Study Guide
Week 1: Introduction
- What is your impression of lethal injection going into this book?
- If you are against the death penalty, does a conversation about how prisoners are killed detract from a conversation about whether they should be killed?
- If you are for the death penalty, does it matter how the deed is done? If so, why?
- When a government takes life in its citizens’ name, are there unspoken conditions that come with its ultimate exercise of power? If so, what are they?
- Why do you think executioners swab a prisoner’s arm with alcohol before injecting the drugs that will kill them?
- The author states in a footnote that she will not be discussing the prisoners’ crimes and explains why—do you think she was right or wrong in this choice?
Week 2: The Execution of Clayton Lockett (Ch. 1)
- What, if anything, did you know about the execution of Clayton Lockett before reading this chapter?
- What was the most disturbing or surprising thing you read about this execution?
- Do you think what happened during this execution was avoidable? If so, who should have done what differently?
- Did you want to know what Clayton Lockett did to get the death penalty at the beginning of this chapter? If so, did you still want to know at the end?
- What does this execution tell us about the political nature of the death penalty?
- What was your reaction to the official statements about this execution after the fact?

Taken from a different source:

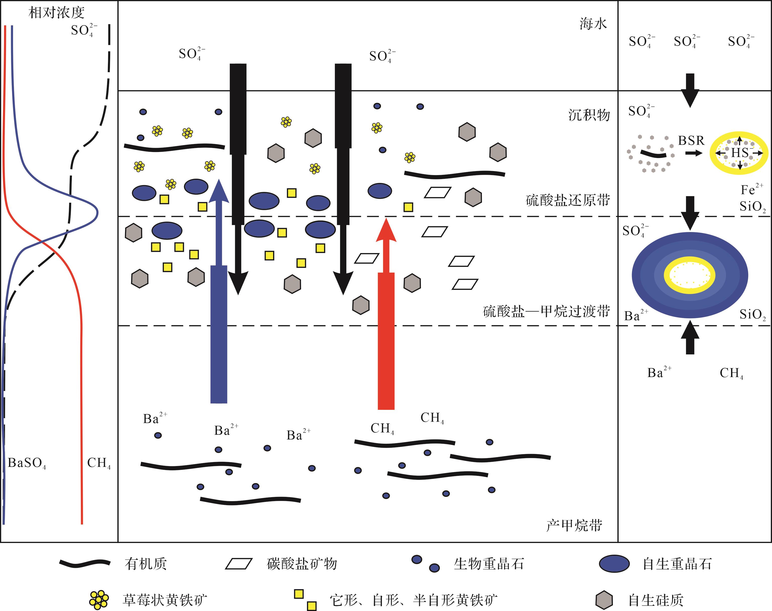 目的 埃迪卡拉纪早期的海洋氧化还原状态一直是研究热点。通过分析陡山沱组下部重晶石结核的形成过程,旨在恢复埃迪卡拉纪早期的古海洋环境的氧化还原界面变化情况。 方法 通过沉积学、岩石矿物学分析,详细分析扬子板块北部金瓜墩剖面陡山沱组下部重晶石结核的形成过程,以此来推断其沉积环境。 结果 围岩层理围绕结核展布,显示结核形成于早期埋藏阶段。结核主要由重晶石、石英和黄铁矿组成,矿物分布具空间差异,核部以黄铁矿为主,核部外围则以重晶石为主。大部分重晶石结核核心部位发育自形/半自形黄铁矿聚合体和石英矿物;核心向外缘方向发育放射状交织生长的重晶石与石英矿物聚合体。研究认为重晶石结核矿物分布的不均一性反映了结核形成时环境条件的变化:结核核部的黄铁矿、石英形成于硫酸盐还原带;之后结核生长位置过渡到硫酸盐—甲烷过渡带,产甲烷带有机质分解过程释放的钡离子向上迁移,在硫酸盐—甲烷过渡带上部与硫酸根离子反应生成重晶石沉积。 结论 重晶石结核的形成具有阶段性。随着硫酸根浓度的升高,埃迪卡拉纪早期海洋中硫酸盐还原界面可能已经下降到水岩界面附近的沉积物中,部分甲烷在硫酸盐—甲烷过渡带被氧化,从而减少了它们向大气中的排放。

- Is there a takeaway from reading about Clayton Lockett’s execution? If so, what is it?
- How (if at all) did Clayton Lockett’s execution affect your view of lethal injection and/or the state that executes in our name? Is your view at this point that it was an anomaly or a systemic failing?
Week 3: Faux Science (Ch. 2)
- What was your impression of the science behind lethal injection before reading this chapter? Did you think lethal injection was essentially like euthanizing a pet?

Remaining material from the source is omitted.